Nursing Union Hints At 15% Pay Rise Compromise But Ministers Refuse To Negotiate
A strike by nurses is set to go ahead this week after the government insisted it would not sit down to negotiate NHS pay.
Pat Cullen, general secretary of the Royal College of Nursing (RCN), claimed the government had refused on multiple occasions to meet with unions after nurses voted to go on strike for the first time ever.
Speaking to the BBC’s Laura Kuenssberg on Sunday morning, she said Health Secretary Steve Barclay “can choose negotiation over picket lines” and that talks could start by Monday.
“My doors open for him to come in through it. If he doesn't want to speak to me one-to-one, what I'm offering him this morning is conciliation through ACAS, and we can start to do that tomorrow morning, at whatever time he wants to be available at.”
Cullen hinted that the RCN could soften its calls for a pay rise of five per cent above inflation.
“I'm not going to negotiate on the airwaves, Laura, definitely not," the union chief said.
"But as soon as the health secretary gets into a room with me, whether that's through conciliation, or on a one to one, I'd certainly not be found wanting in my negotiations.”
The RCN announced on Saturday night it would be willing to “press pause” on the strike action, due to take place on 15 and 20 December, if Barclay agreed to negotiate with unions on pay.
The Department of Health has claimed Barclay’s “door remains open for further talks”, but did not specify whether pay negotiations would play a part in future discussions.
Foreign Secretary James Cleverly ruled out a negotiation over nurses pay, however, claiming that it was for the independent review body to determine pay rises, not the government.
He told Sky News that “meetings are different from pay negotiations” and that Barclay’s focus was on finding ways to improve the NHS.
“The Health Secretary has said that he is of course happy to meet. He said his door is open,” Cleverly said.
“I think people need to understand, though, that the negotiation on pay is done by an independent pay review body. So often we see people saying we need to take the politics out of this. These things need to be done by independent professionals.”
The NHS Pay Review Body makes recommendations to ministers about staff pay in the health service but ultimately it is the government which makes the final decision.
The foreign secretary reiterated that the government had “accepted and implemented” the pay review body’s finding, which had given nurses the equivalent of a 4.5 per cent pay rise on average.

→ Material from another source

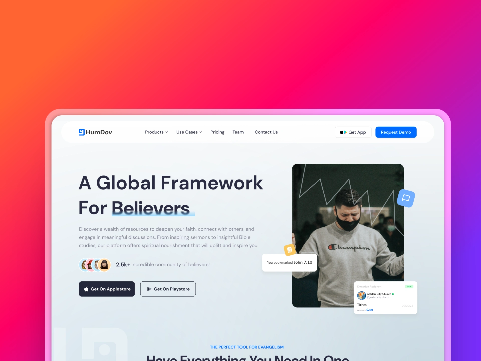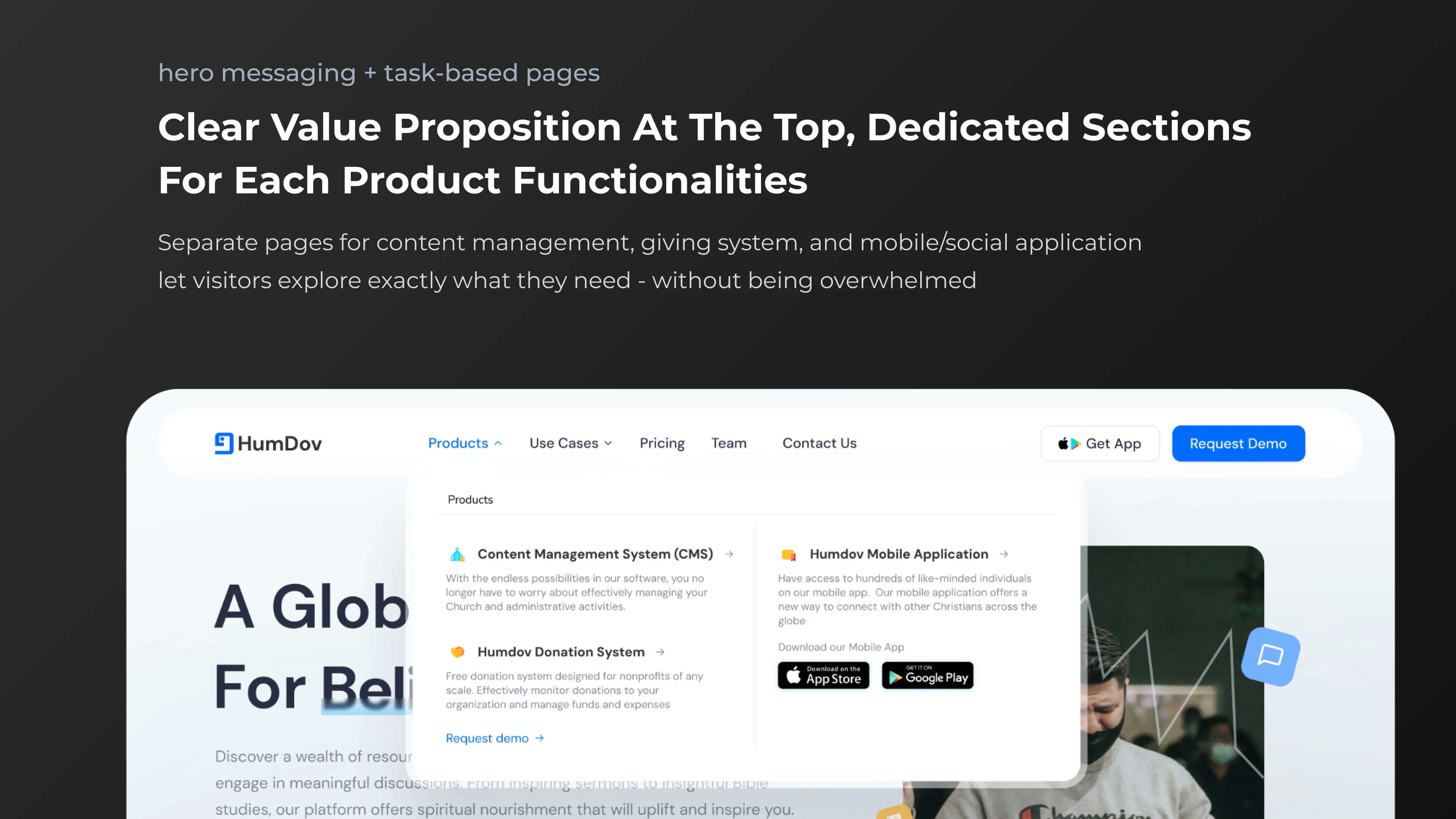 Humdov is a software company that builds tools like CMS, donation systems, and social networking apps to help churches and ministries manage events, receive donations, and connect with members and believers worldwide. My role is to design a website that clearly showcases their products and enables smooth user onboarding

Shadow Health Secretary Wes Streeting called these interventions from the RCN an “offer the government can’t refuse”, and said that a Labour government would be willing to negotiate on pay with the unions.
“We have had this 11th-hour intervention from the Royal College of Nursing and Unison saying if the government agrees to talk, to negotiate, there will be no strikes this week,” he told the BBC.
“That’s an offer too good to refuse. I cannot understand why James Cleverly just sat in this chair a moment ago refusing that reasonable offer but perhaps, worst still, pretending that government doesn’t have a role to play.”
Streeting added that a Labour government “would certainly be prepared to talk” to the unions about NHS pay.
But he refused to say how much the party would raise nurse salaries by, or whether they’d raise the salaries at all, saying he would not use his media interviews on Sunday for “making promises we can’t keep” or “plucking things out of thin air”.
The RCN claims that nurses have seen a real term pay cut of 20 per cent since 2010, and are calling for a pay rise at five per cent above inflation, which hit double digits for the first time in decades earlier this year.
Cullen told the BBC that “nurses don’t take the public for granted” when it comes to strike action, and added that she was “concerned for the public” over the current state of the NHS.
“I'm concerned for the public that can't get decent services, the services that they're entitled to. That's where my concern is, and what the nurses strike about.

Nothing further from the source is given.